- [PROBLEM DETAILS]: Set out exactly, line by line, the stretch of data below that begins at the line containing "Le carrefour Lazzaro avec" and ends at the line containing "Après d'importants travaux", with both ends kept.

- [THE INPUT]:

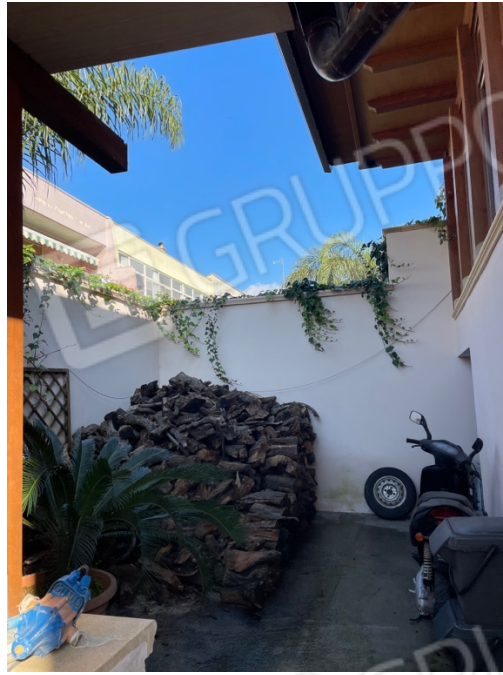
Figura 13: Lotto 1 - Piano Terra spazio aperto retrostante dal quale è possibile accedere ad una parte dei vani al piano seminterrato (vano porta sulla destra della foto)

==

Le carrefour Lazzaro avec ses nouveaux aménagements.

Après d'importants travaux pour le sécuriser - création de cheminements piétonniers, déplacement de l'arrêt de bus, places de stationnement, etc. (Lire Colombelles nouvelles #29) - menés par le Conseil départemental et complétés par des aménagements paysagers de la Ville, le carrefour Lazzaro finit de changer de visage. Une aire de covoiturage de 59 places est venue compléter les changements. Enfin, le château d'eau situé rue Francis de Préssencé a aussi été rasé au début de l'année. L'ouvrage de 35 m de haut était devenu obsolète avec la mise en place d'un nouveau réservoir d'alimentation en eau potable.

- [RESPONSE BELOW]:
Le carrefour Lazzaro avec ses nouveaux aménagements.

Après d'importants travaux pour le sécuriser - création de cheminements piétonniers, déplacement de l'arrêt de bus, places de stationnement, etc. (Lire Colombelles nouvelles #29) - menés par le Conseil départemental et complétés par des aménagements paysagers de la Ville, le carrefour Lazzaro finit de changer de visage. Une aire de covoiturage de 59 places est venue compléter les changements. Enfin, le château d'eau situé rue Francis de Préssencé a aussi été rasé au début de l'année. L'ouvrage de 35 m de haut était devenu obsolète avec la mise en place d'un nouveau réservoir d'alimentation en eau potable.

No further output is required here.